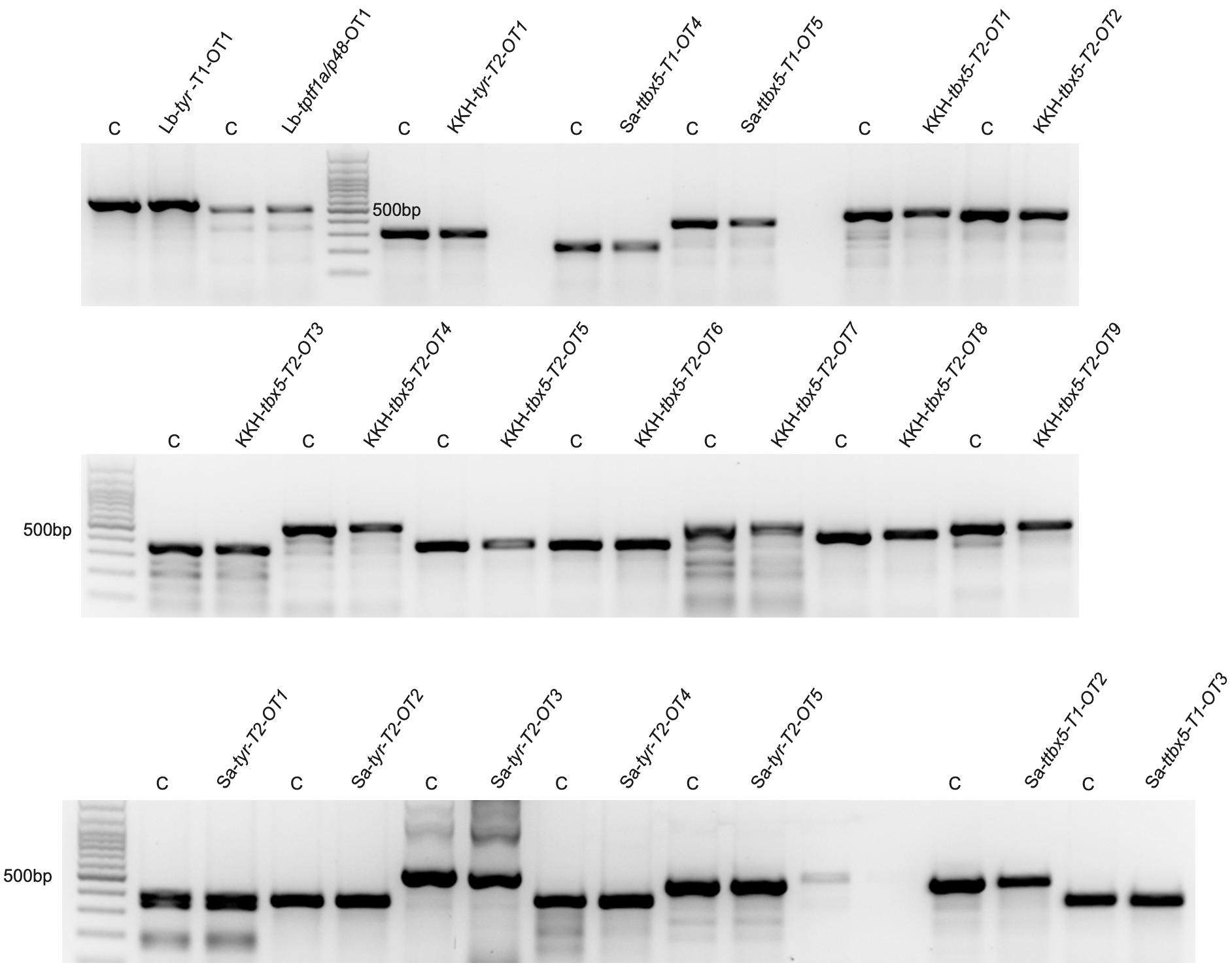 Fig. S10. T7EI assay data show no discernible mutagenic activities on potential off-target sites for LbCas12a, SaCas9, and KKH SaCas9 in X. tropicalis embryos. Potential off-target (OT) site is indicated as the last suffix. C, control.
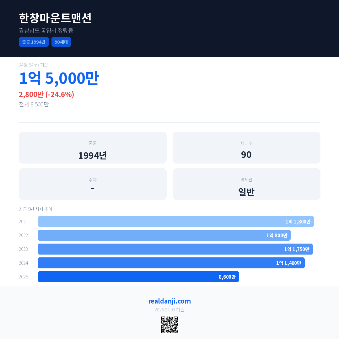 한창마운트맨션 국민평형 기준 2025년 평균 거래가는 8,600만으로, 전년 대비 24.6% 하락 했습니다.
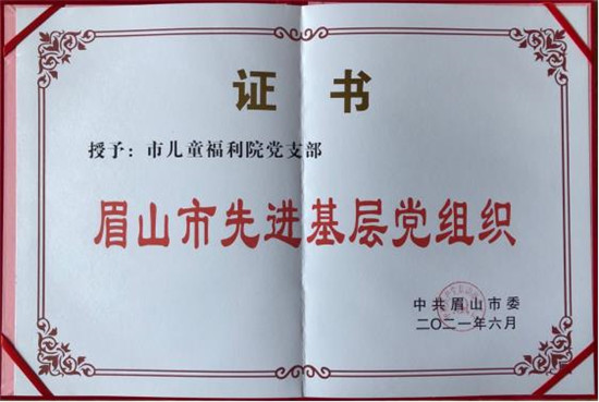 四川新闻网消息 2021年6月28日,在眉山市“两优一先”评选表彰大会上,中共眉山市委表彰了一批优秀共产党员、优秀党务工作者、先进基层党组织。全市共表彰50个先进基层党组织,其中市直机关工委4个,眉山市儿童福利院党支部占据一席,荣获“眉山市先进基层党组织”称号。

* Exercise instructions *
Retype the data word for word, please, and keep the images out.

* Reply *
 Fig. S10. T7EI assay data show no discernible mutagenic activities on potential off-target sites for LbCas12a, SaCas9, and KKH SaCas9 in X. tropicalis embryos. Potential off-target (OT) site is indicated as the last suffix. C, control.
 한창마운트맨션 국민평형 기준 2025년 평균 거래가는 8,600만으로, 전년 대비 24.6% 하락 했습니다.
 四川新闻网消息 2021年6月28日,在眉山市“两优一先”评选表彰大会上,中共眉山市委表彰了一批优秀共产党员、优秀党务工作者、先进基层党组织。全市共表彰50个先进基层党组织,其中市直机关工委4个,眉山市儿童福利院党支部占据一席,荣获“眉山市先进基层党组织”称号。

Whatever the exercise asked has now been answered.